### Material supplied

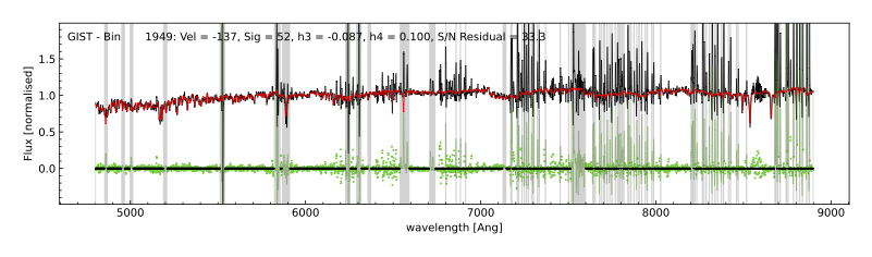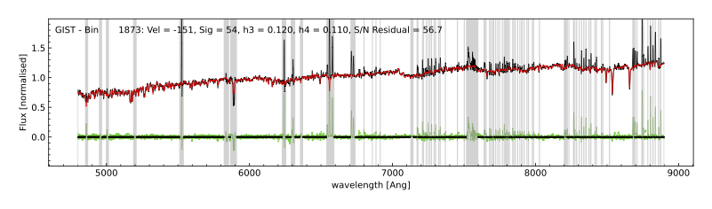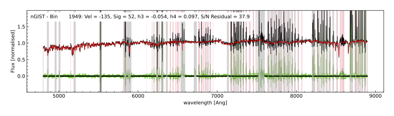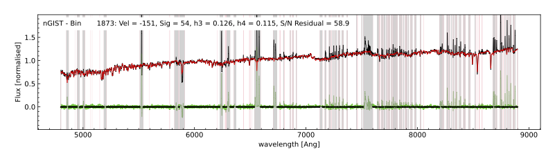 Comparison of the masking and subsequent pPXF best-fit for three Voronoi bins of the GIST (top) and nGIST (bottom) fits from Fraser-McKelvie et al., 2025. In each case the original spectrum of the bin is shown as a black line. The emission and sky line masks provided to pPXF are shown as the shaded grey regions. nGIST additionally performs further cleaning of the spectra, and these additional clipped regions are shown as shaded red regions. The best fit to the stellar continuum is shown in red, and the residuals in green. The derived stellar kinematic parameters for each spectrum are also listed.
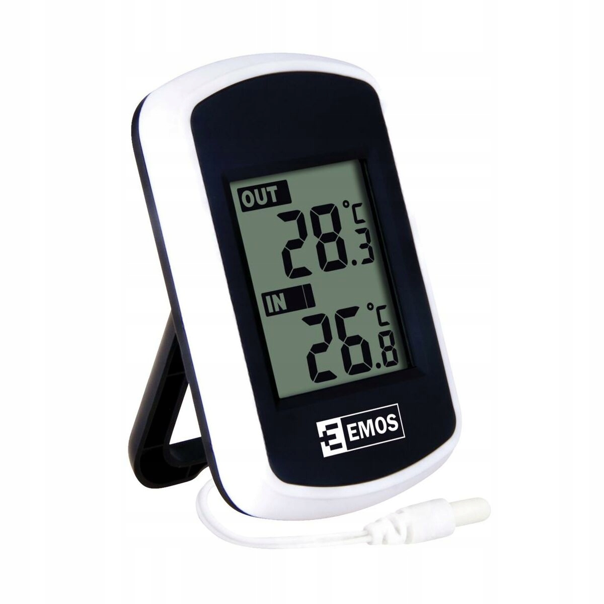 Провідний термометр з дисплеєм внутрішньої та зовнішньої температури. Термометр має дротовий зонд довжиною 2 м.
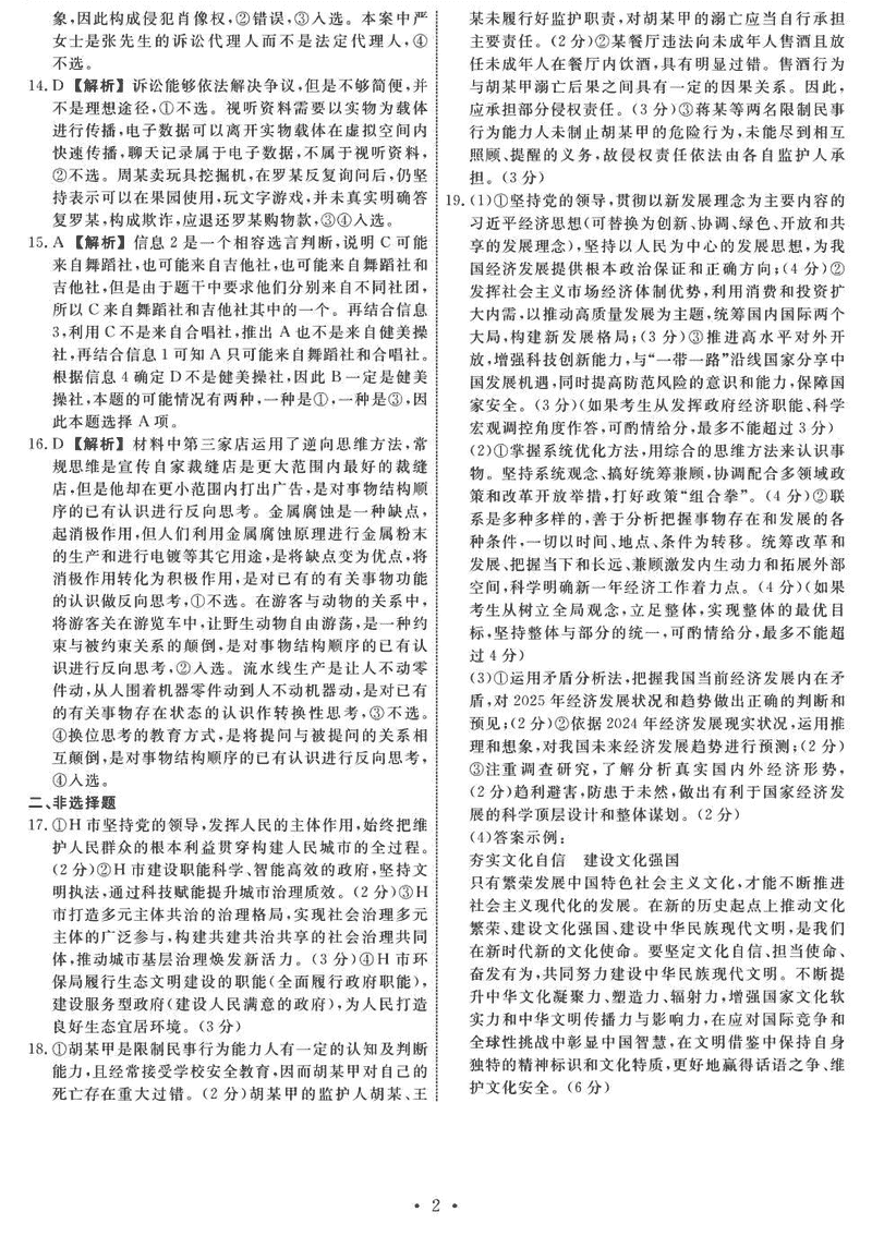 政治试题及答案解析
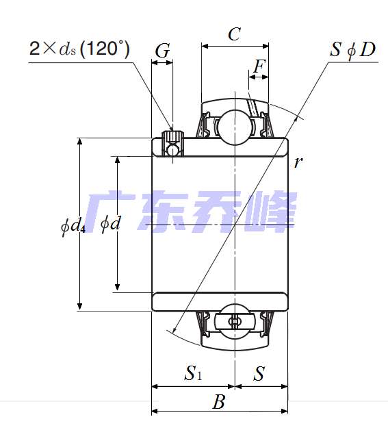 UC:寬內圈,緊定螺釘式,帶拋油環(huán)
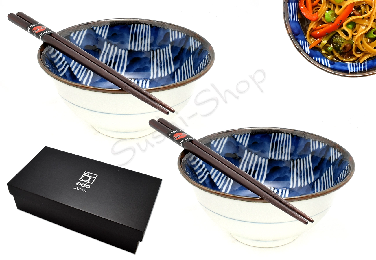 Komplet misek -  Chesu-ban Blue 400ml BOX to stylowy zestaw inspirowany japońską estetyką, łączący elegancję porcelany z tradycyjnym wzornictwem. Idealny do serwowania dań stir-fry, ryżu lub zup orientalnych.

######

• What needs to be done
Please return the lines from the line with "UC:寬內圈,緊定螺釘式,帶拋油環(huán)" through the last line of the data, both included, exactly, and without pictures.

• Exercise output
 UC:寬內圈,緊定螺釘式,帶拋油環(huán)
 Komplet misek -  Chesu-ban Blue 400ml BOX to stylowy zestaw inspirowany japońską estetyką, łączący elegancję porcelany z tradycyjnym wzornictwem. Idealny do serwowania dań stir-fry, ryżu lub zup orientalnych.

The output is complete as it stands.